With his own debut Shady Records album expected later this year – the tertiary project in his young canon behind 2017’s Porch and 2019’s Snubnose – Grip is also bound to be a household name in due time, for nothing if not his intrinsically forceful rhymes. And though Eminem’s influence on that sound – and that rise – will certainly be noteworthy, Grip’s imminent explosion has everything to do with his own established sound.

 

Bars, bars, bars. The man can rap, and he can do so ostensibly as well as anyone else. Just take a listen – and a watch – to his debut Shady single, Gutter. Overtop an experimentally synth ridden and bass heavy beat, Grip leads in with a muffled, distorted verse that doesn’t even pull into full focus just how crisp his tightly woven his pen really is. And yet, it’s enthralling and vivid in its still fun-loving nature.

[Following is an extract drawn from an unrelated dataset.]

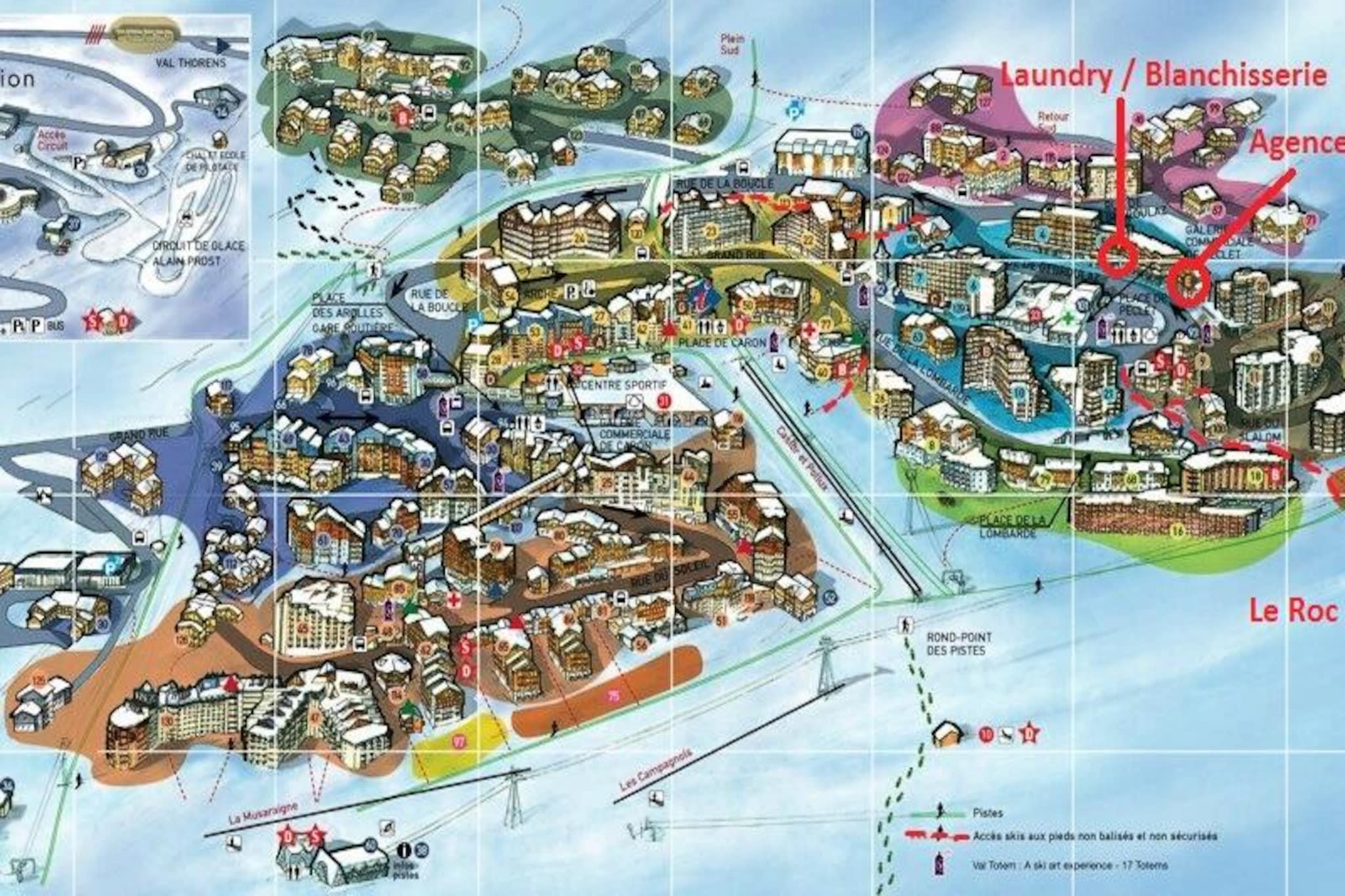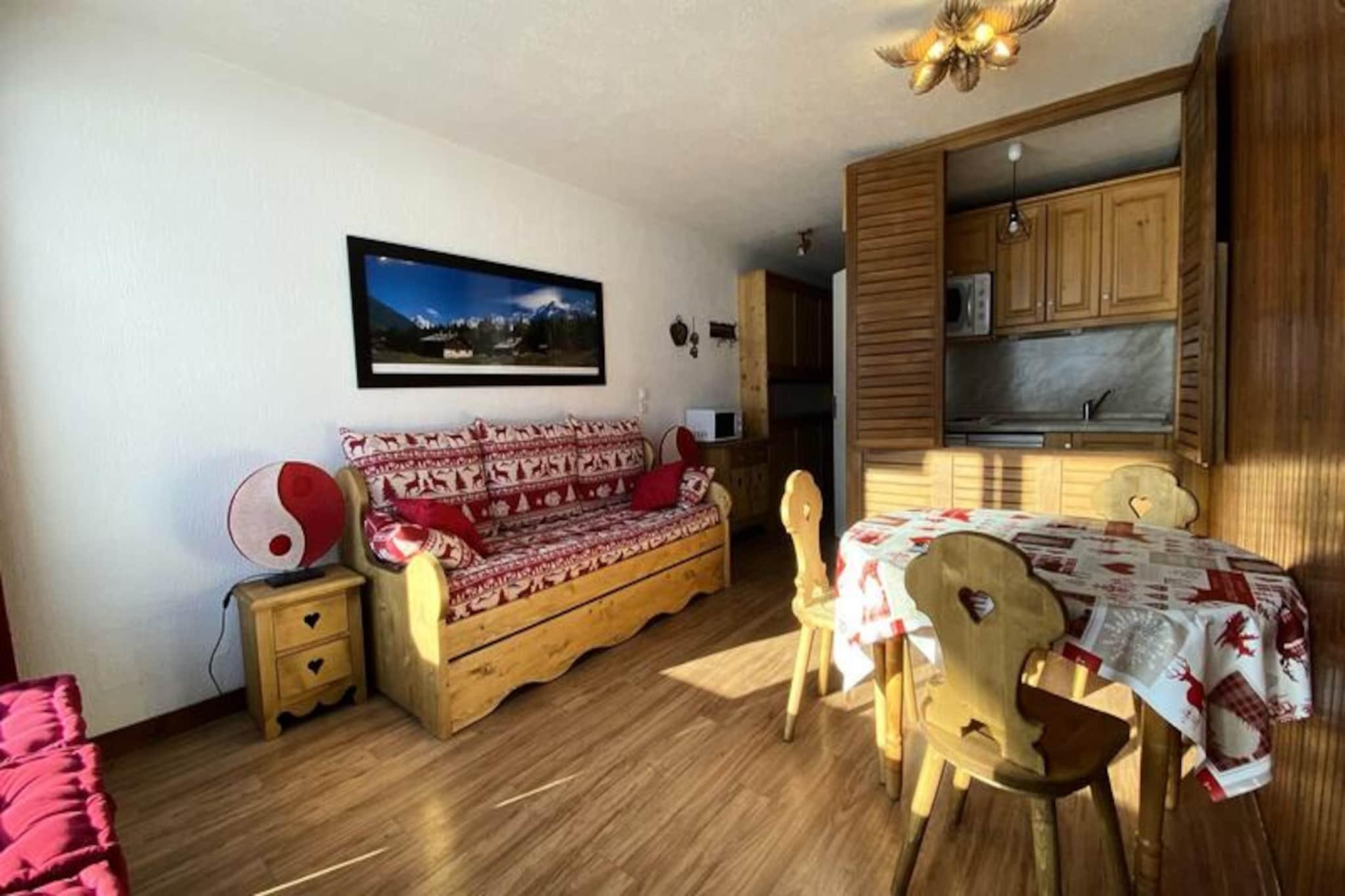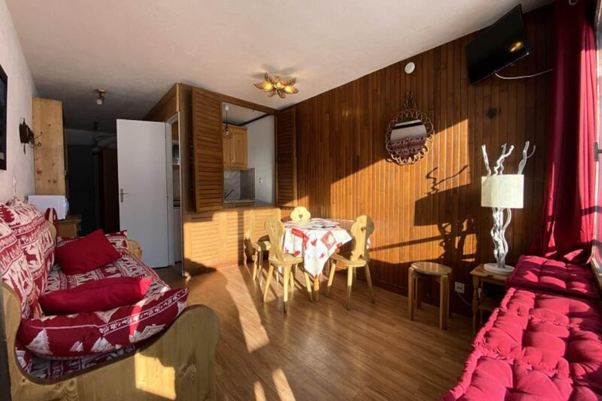 High above the lively streets of Val Thorens, the LE ROC DE PECLET residence offers a serene alpine retreat with direct access to the slopes. Imagine waking up to the crisp mountain air and stepping out onto the snow-covered trails just moments from your door. This charming studio, located on the first floor, invites you to experience the tranquility of the French Alps while being conveniently close to the Péclet shopping center for all your essentials and après-ski delights. Its south-east orientation ensures plenty of natural light, creating a warm and inviting atmosphere throughout the day. \n\nDesigned for up to four guests, the studio features a practical layout with bunk beds in the entrance hall and a pull-out sofa bed in the living room. The compact yet well-equipped kitchen includes an oven, refrigerator, dishwasher, and stovetop, making it easy to prepare hearty meals after a day on the slopes. The bathroom houses both the toilet and shower, ensuring convenience and functionality. Ski lockers are thoughtfully provided at the entrance of the residence, allowing you to store your gear with ease. \n\nThe residence’s location is ideal for ski enthusiasts, offering effortless access to the renowned slopes of Val Thorens. Beyond skiing, the area boasts breathtaking views, lively après-ski options, and a variety of shops and restaurants within walking distance. Whether you're exploring the nearby trails or indulging in local cuisine, the charm of this alpine village is sure to captivate you. \n\nPerfect for couples or small families seeking a cozy and practical base, LE ROC DE PECLET combines the joys of mountain living with the convenience of a prime location. Let the beauty of the Alps inspire your next adventure in this peaceful yet vibrant setting.

A good intro for sure, but there’s a lot more to unearth for new listeners. \

 

And for that, start with his BREGMA Freestyle from 2019. It’s a 2-minute clip that – like any great freestyle does – calls into question if such volatile bars could really be a freestyle in the first place. Yet, it is. And Grip is just really that good. But, he’s also wide-ranging and well-rounded. Tracks like his biggest hit to date, Chicken N Dumplins put in perspective his more popular commercial appeal, infusing his never-ending lyricism with a dynamic ability to merge soft samples with soft vocals that nonetheless hold up to his raw knack for expressing hip-hop’s most historically rap-leaning direction. And in the middle ground between the two tracks – which is also really what Gutter is ultimately an exploration of – there is no ceiling for the young Atlanta emcee who is bound to ring in a new era for the lyrically formidable and the exciting big signing.